None of Wald’s students was injured. But another UMass-Boston student, Krystle Campbell, was killed by one of the bombs.
Wald received bib No. 24741 and was hoping to run in Campbell’s memory, but the injury that kept her from running last year could put her back on the sweep team with her students.
“Running would probably be the dumbest thing I ever do. But it’s going to be really hard not to,” she said. “It’s an honor either way, to be part of this, to be able to contribute. If I can’t run it, I am beyond happy, honored to help other people reach their goals.”
The marathon can be a brutal sport, even more so when one considers that the 26.2 miles run on the day of the event are the culmination of a years-long process that, in Boston’s case, begins with training for a qualifying race.
Runners looking for a reason to stop can always find one: the heat, the hills, the blisters, the cramps.
And now the threat of a terrorist attack, the memories of severed limbs, the ears ringing from the concussion of a bomb blast.

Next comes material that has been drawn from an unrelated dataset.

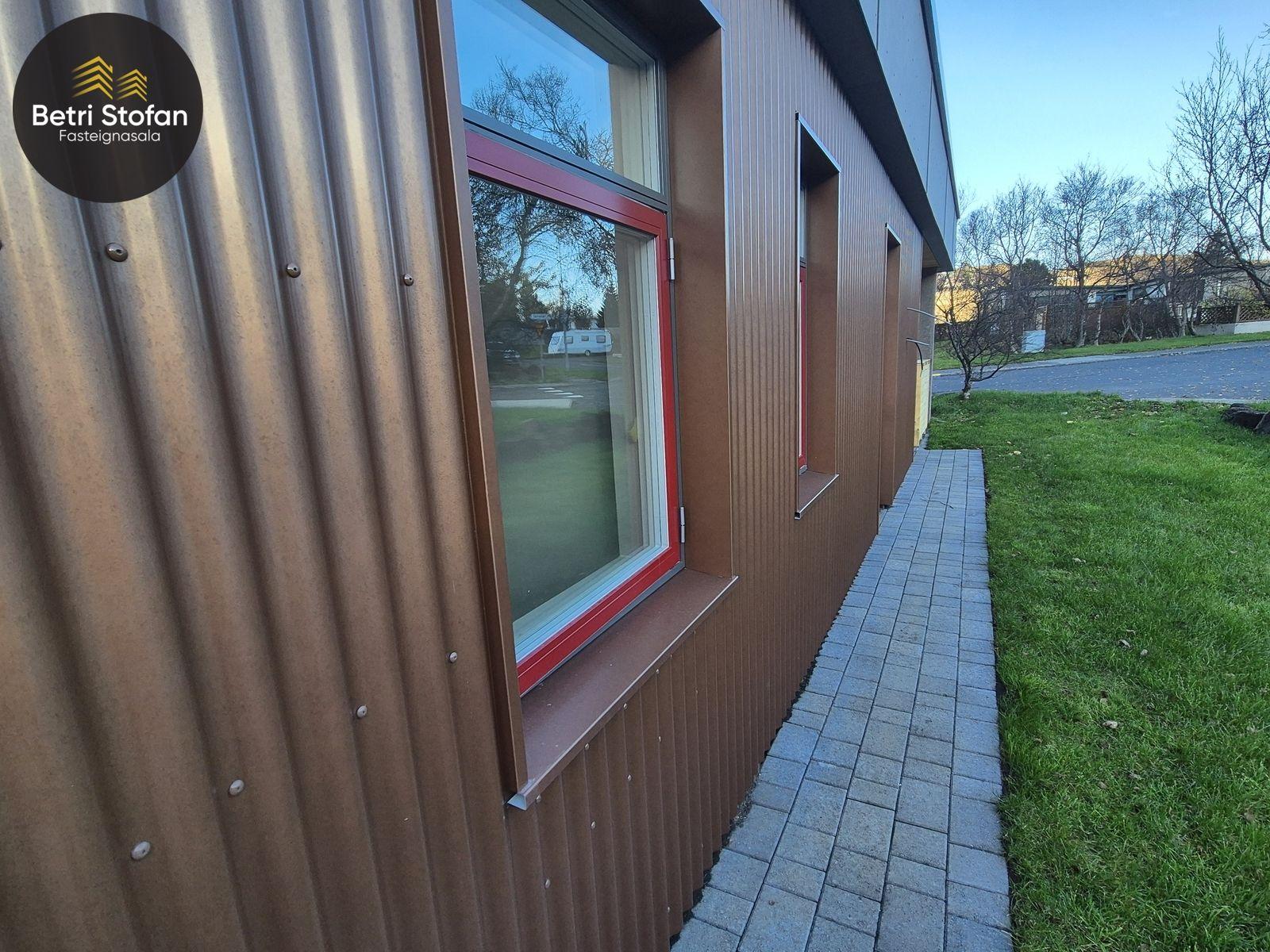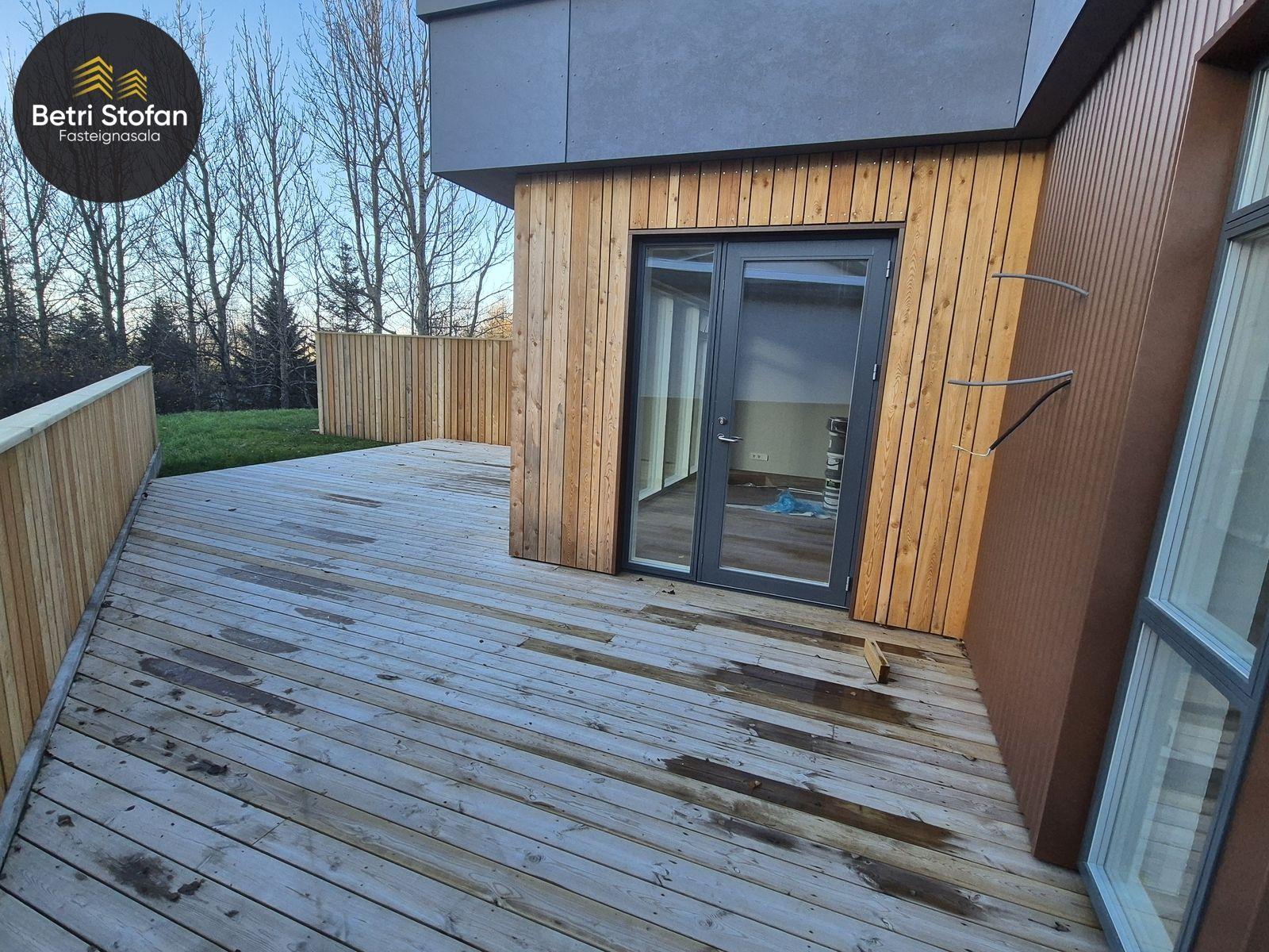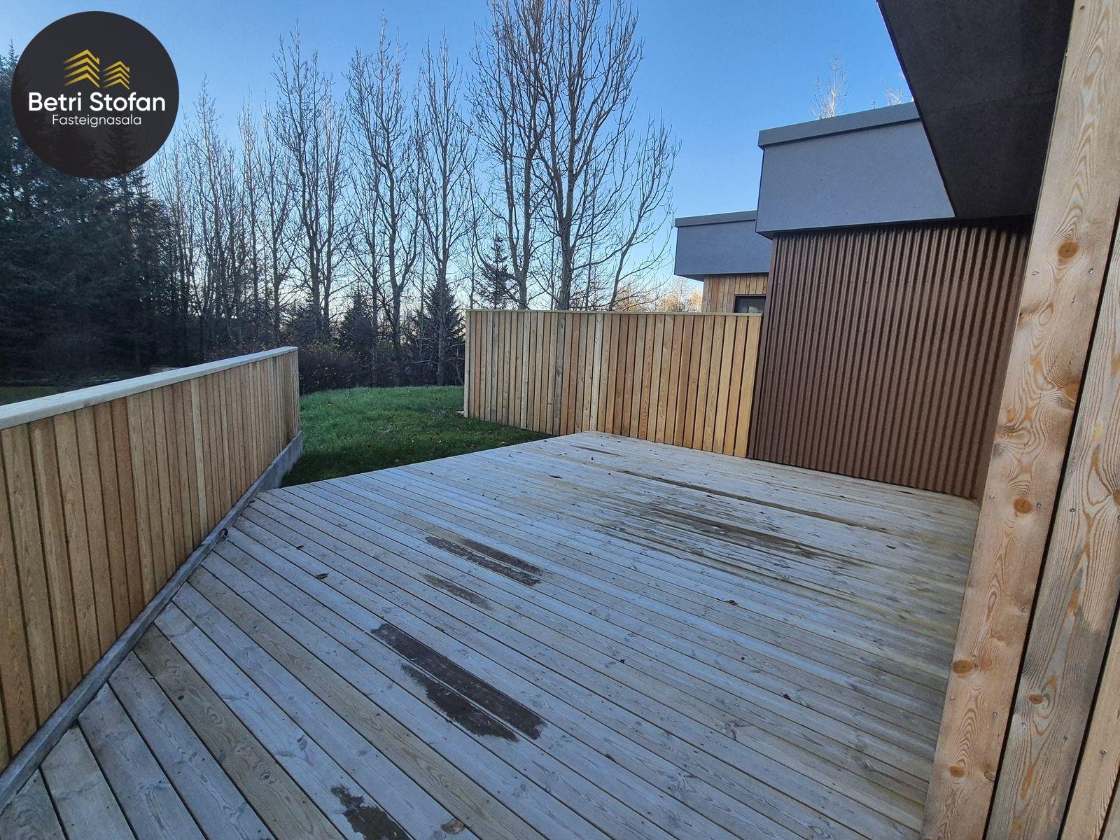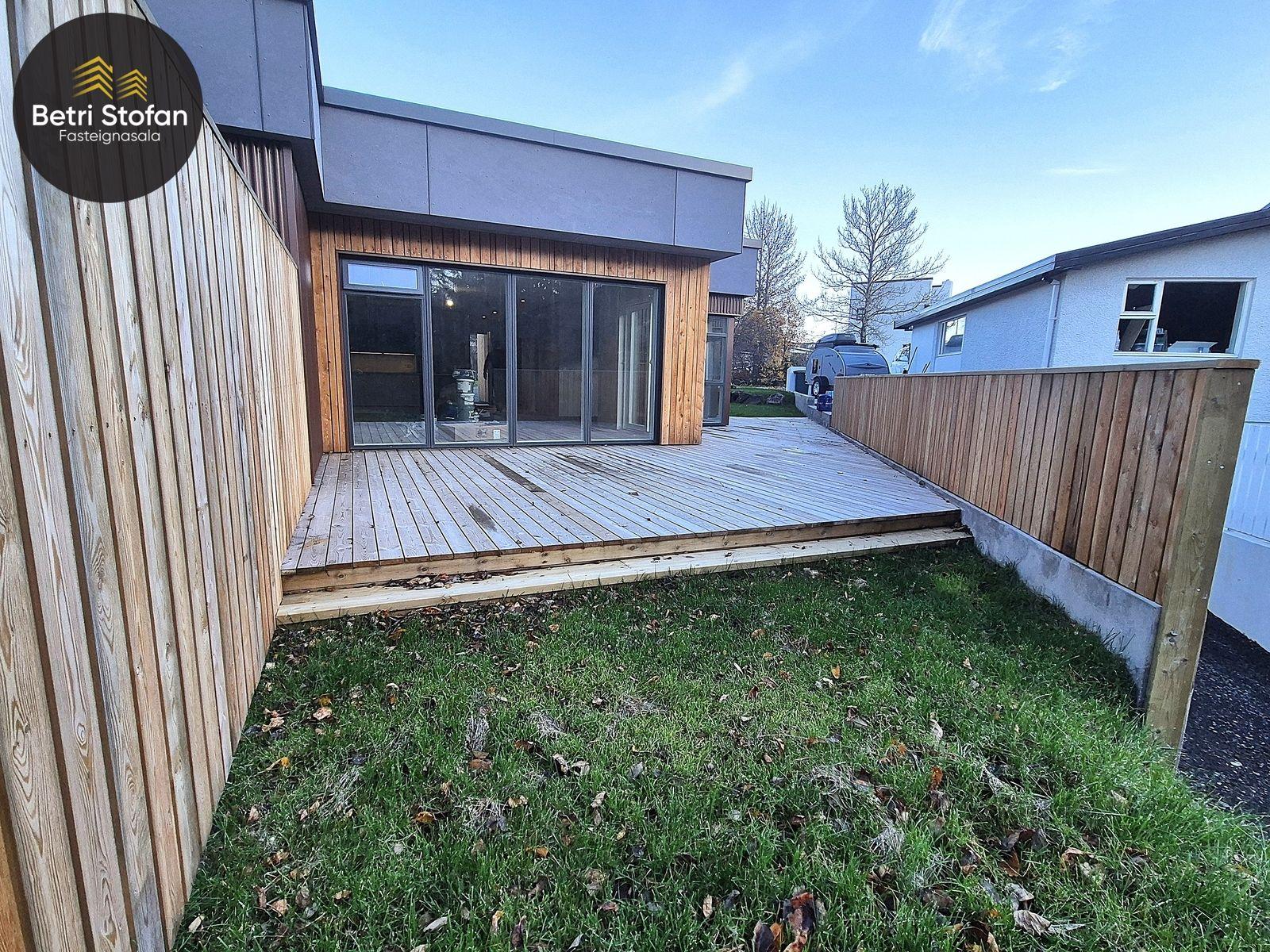 Forstofa: Vínylparket á gólfi og góður fataskápur. Alrými: Opið, stórt og mjög fallegt rými með vínylparketi á gólfi, gólfsíðir gluggar, útgengi á suður verönd / lóð í fallegu grónu umhverfi. Eldhús: Opið við alrými, þar er glæsileg sérsmíðuð innrétting, mikið skápa og vinnupláss. Vönduð tæki, innbyggð uppþvottavél og ísskápur, spanhelluborð með viftu. Sjóvarpshol: Opið við alrými, gott rými sem nýtist vel fyrir gott sjónvarp og sófa. Getur einnig nýst sem þriðja svefnherbergið sbr teikningu. Hjónaherbergi: Stórt og gott herbergi með stórum fataskápum, vínylparket á gólfi. Svefnherbergi: Gott herbergi með fataskáp og vínylparketi á gólfi. Baðherbergi: Fallega innréttað og flísalagt með góðri innréttingu, einhalla sturtu og gleri, handklæðaofni, gluggi er á baðherberginu. Þvottahús: Flísalagt og sér innan íbúðar. Geymsla: Sér geymsla með glugga og flísum á gólfi. Innangengt frá innkeyrslu. Lóð: Mjög falleg og fullfrágengin lóð með hellulögðum stéttum, innkeyrslu með hitalögn og timburveröndum með skjólveggjum. Sjarmerandi gróið umhverfi og lóð til suðurs. Efnisval: Innréttingar sérsmíðaðar frá HTH. Planka vinylparket í eikarlit á gólfum (slitsterkt og fallegt) lagt án gólflista. Gluggar eru ál / tré með þreföldu gleri frá Húsasmiðjunni. Innihurðir eru hvítar innfelldar.

Yet for 118 years, runners have found a reason to make the trip to Boston. On Monday, more than 35,000 will leave Hopkinton to reclaim the euphoria of the finish line that was taken from them.
This year, three-time Boston champion Uta Pippig said, no one needs to ask them why.
“Running gives me freedom, and for a moment our freedom was restrained,” she said this week. “That’s what I believe is the reason we run together.”